Espresso, nine minutes from three.

Walked around the wine section at store but didn’t buy a thing.  Just looked, imagined I was in the shop, looking for something new and weird to put on the flight for the day.  And just an excuse to taste something different, cool, more musical… searching for new voices in the wine on my shelves.

Kids behind me on stairs playing on some game thing and me with music in one ear shoving aside only a portion of their noise.  Stay in the shop I tell myself.  Imagine I have a trip coming up, that covid never happened.  Weird you have to do that now, imagine that you can go wine tasting, or eat at a fucking restaurant, that you can actually go to work normally and not be confined to your home.  On my trip, out to New York, Florida from there, talking to people about wine, my wine shop and experiences in the industry.  Not speaking to be a “speaker”, or keynote, or expert. I would never allow myself to be so booked, no matter how flattering.  I meet people who collect, or just enjoy.  Some who own restaurants and want ideas for new bottles.  And that’s all I do, offer ideas.

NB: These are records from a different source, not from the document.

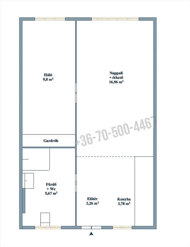 Jelenlegi kialakítása egy tágas nappali, melyhez az előtér és konyha kapcsolódik, egy külön álló, tágas hálószoba méretes gardróbbal, valamint egy zuhannyal felszerelt fürdő toalettel képezik részeit.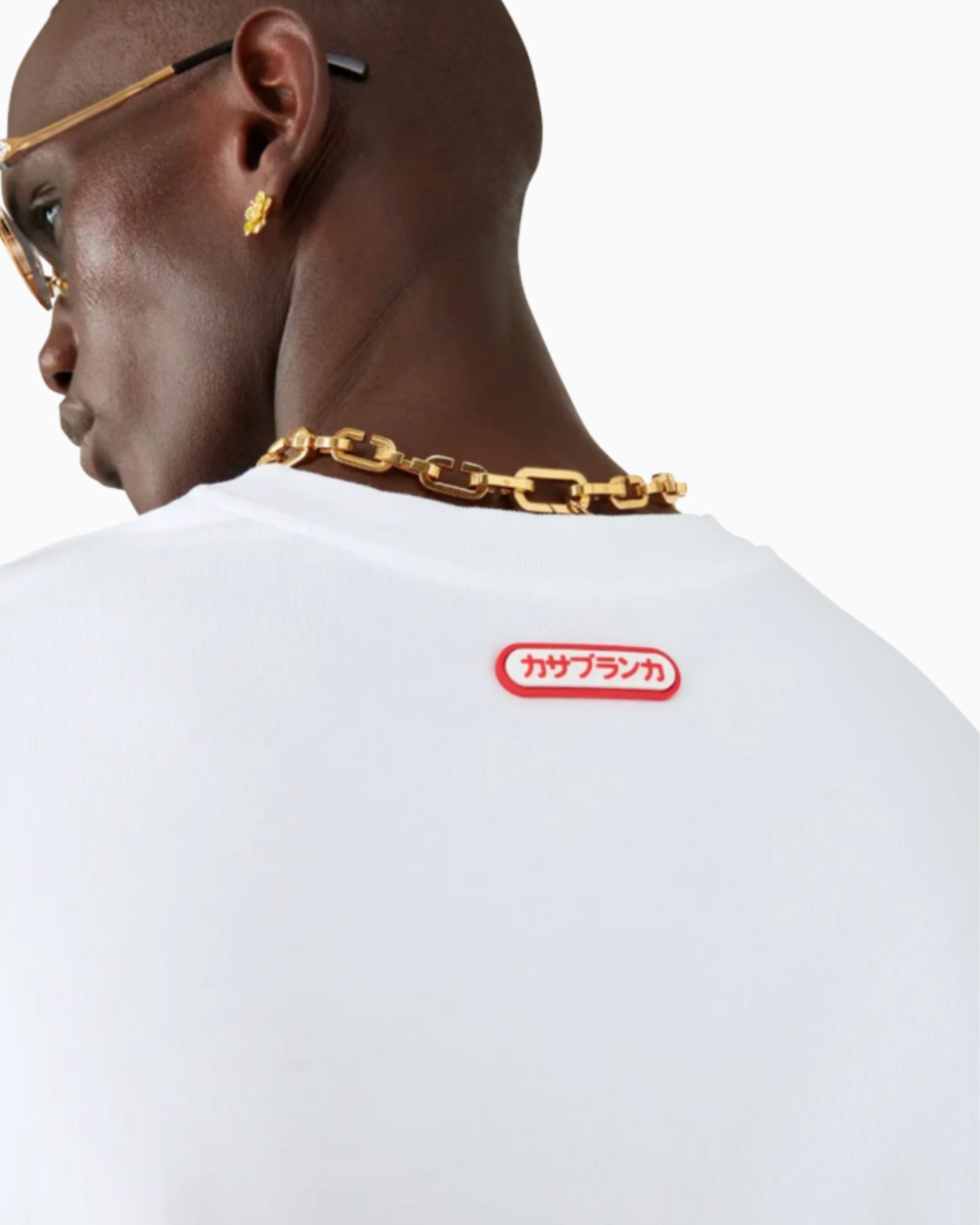 Completata da un logo giapponese Casablanca applicato sul retro e da un classico girocollo.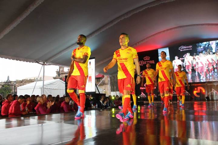 Por tercer año consecutivo, la playera del equipo Monarcas Morelia, mantendrá la emblemática franja roja en su vestimenta estelar, para los torneos Apertura 2017 y Clausura 2018 de la Liga MX, luego de que esta tarde en el Centro Histórico se presentará la nueva piel del conjunto michoacano. El segundo uniforme es de color guinda y el tercero rosa con rayas horizontales.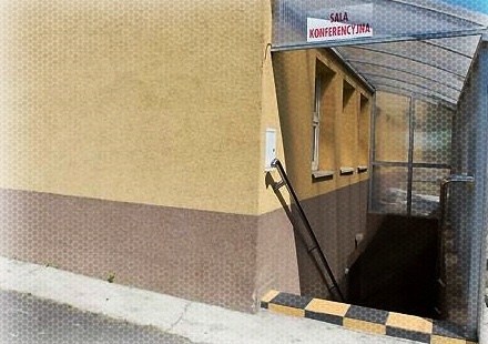 Wejście do sali konferencyjnej znajduje się za budynkiem klubowym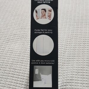 Foldable LED mirror with dimmable lights. Features 1x, 2x, and 3x magnification.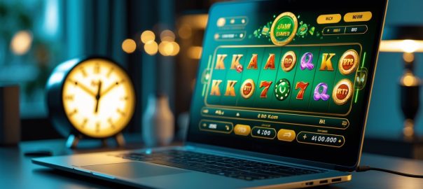 Seorang pemain sedang menggunakan komputer dengan tampilan permainan slot online berwarna-warni di ruangan yang nyaman, dengan jam di latar belakang menunjukkan waktu keberuntungan.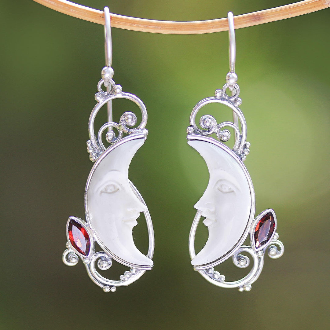 Framed by elegant dotted rawa and bun wire work in sterling silver, two crescent moons are carved by hand from bone. Balinese artisan Made Wardika designs these dangle earrings, accentuated by marquise gemstones of faceted garnet.
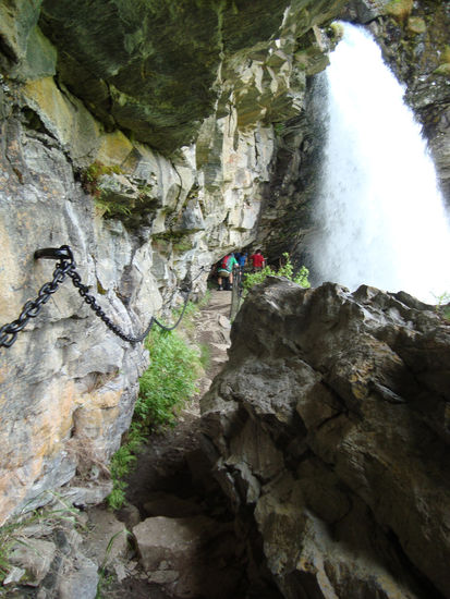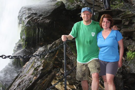 uns schwüle Wetterverhältnisse sind. Aber der Aufstieg lohnt sich. Erstens hat man die Möglichkeit, hinter den Wasserfall hineinzuklettern, und zweitens kann man sich danach bei dei Alm Veserås stärken.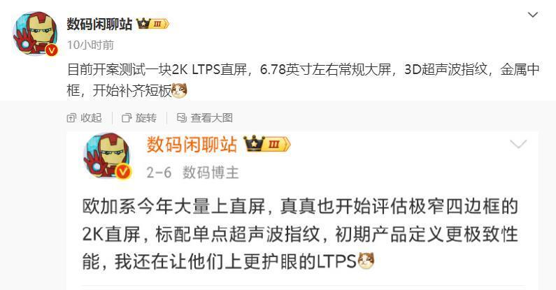 日前,数码博主“智慧皮卡丘”爆料称,“真我冲高,开案2k。”根据目前采用2k屏的机型来看,基本完全是旗舰或电竞手机,那么如果 @真我手机 真要配备2k分辨率屏的话,在功耗方面也完全不用担心续航问题。另外,日前,数码博主“数码闲聊站”也爆料称,欧加系“目前开案测试一块2K LTPS直屏,6.78英寸左右常规大屏,3D超声波指纹,金属中框,开始补齐短板”。
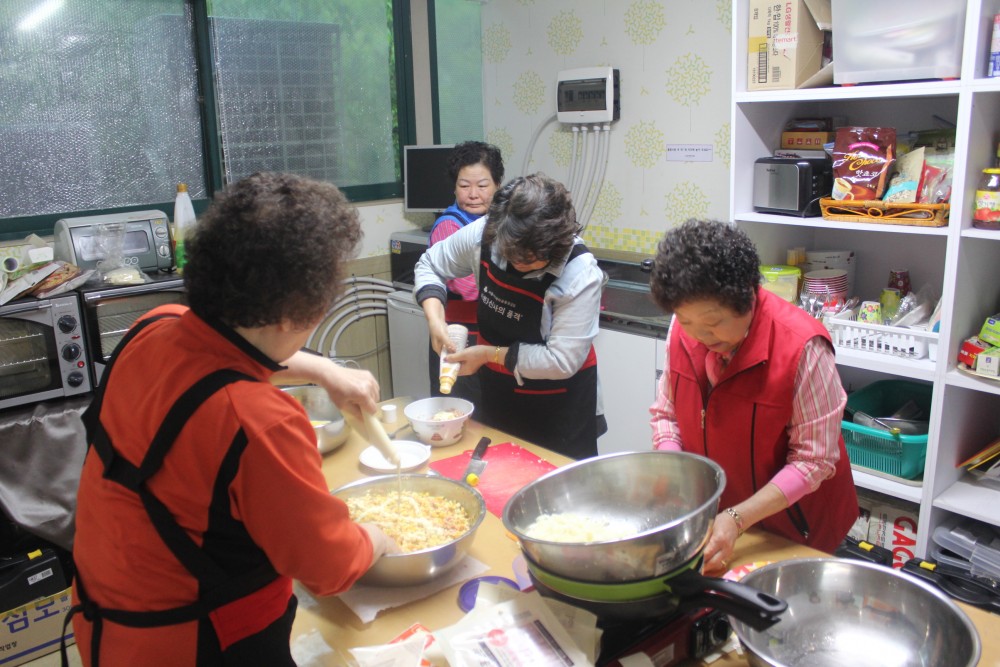 2016년 4월 21일(목) 복지관 정문에서는 ‘꽃노인의 통통통’ 4월 아침밥 나눔이 진행되었습니다. 우천인 상황에도 어르신들은 아이들이 아침밥을 먹고 힘낼 수 있도록 맛있는 요리하여 나눔활동을 진행하였습니다.

While leaving the store, I imagined going back in their and getting a case of bottles I’ve never tried, or never even heard of, or both.  Lining them up at the shop and tasting with industry friends of several years.  Jesse, Collyn, my sister, Lainy, whoever.

Bottle on this small desk.  The extra Zin Chris gave me.  Not much a Zin guy, certainly not a Zin lover, but I agree with how he works with Zinfandel’s innate personality and quirks.  I’ll have this be my NYE red.  Note in real time whatever I experience.  Already know I’d have it in the shop, even if I didn’t particularly enjoy it, which hasn’t happened to me yet with any of Chris’ wines.  Even if that were the case, it’d have an audience, and I could sell it.